Reimagining Main Street: Pooler’s push to transform Highway 80
Reimagining Main Street: Pooler’s push to transform Highway 80
By Gail Parsons
On any given day, the stretch of Highway 80 Frontage through Pooler tells a familiar story. A story of aging storefronts, scattered businesses, and untapped potential. It’s a corridor many pass through without stopping, and barely noticing.
But for Nicole Johnson, that view is a starting point.
Johnson, Director of Planning and Development, is helping lead a quiet but ambitious effort to reshape the area into something more inviting, more cohesive, something that feels like a downtown.
At the center of that effort is a relatively new initiative: a façade grant program designed to help local businesses refresh their exteriors and, in turn, spark broader revitalization.
“We’re looking for ways to encourage businesses in our Highway 80 corridor to improve the exterior appearance of their buildings and storefronts,” Johnson said.
The goal isn’t just cosmetic. City leaders are trying to create a sense of place—one that invites people to linger, explore, and connect.

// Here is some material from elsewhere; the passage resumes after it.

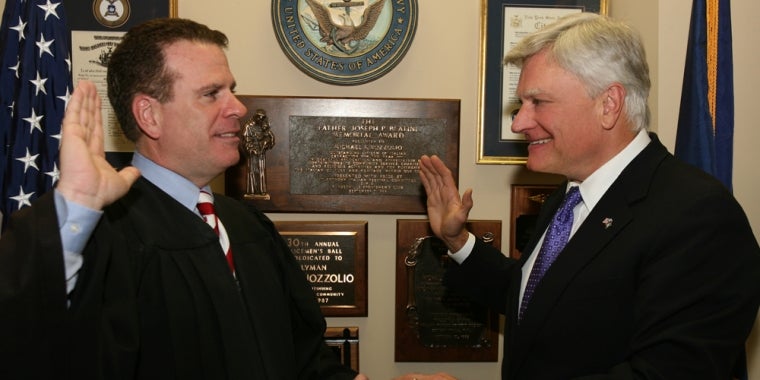 Seneca Falls- Ontario County Court Judge Craig Doran who also serves as Administrative Judge for the Seventh Judicial District and Acting Supreme Court Justice, recently administered the formal oath of office to New York State Senator Mike Nozzolio. Judge Doran is well known for his outstanding community service and fairness in interpreting the law.

“We’re trying to kind of encourage more of a main street or downtown type of development along Highway 80,” she said, “and we’re hoping that this type of program would encourage and initiate some of these businesses to strengthen the aesthetics of their business in our corridor, and hopefully … enhance the economic vitality along our Main Street.”
A Corridor in Transition
Right now, the corridor is a patchwork, a hodgepodge of gas stations, empty spaces, and car shops, with some retail outlets sprinkled in.
“It’s a combination of different types of businesses and uses,” Johnson said. “There’s a lot of older … maybe not as well-kept businesses.”
It’s not broken—but it’s not cohesive either.
A drive down the corridor reveals that contrast in real time. Storefronts shift quickly from freshly painted facades to aging signage, from busy parking lots to quiet, half-empty buildings.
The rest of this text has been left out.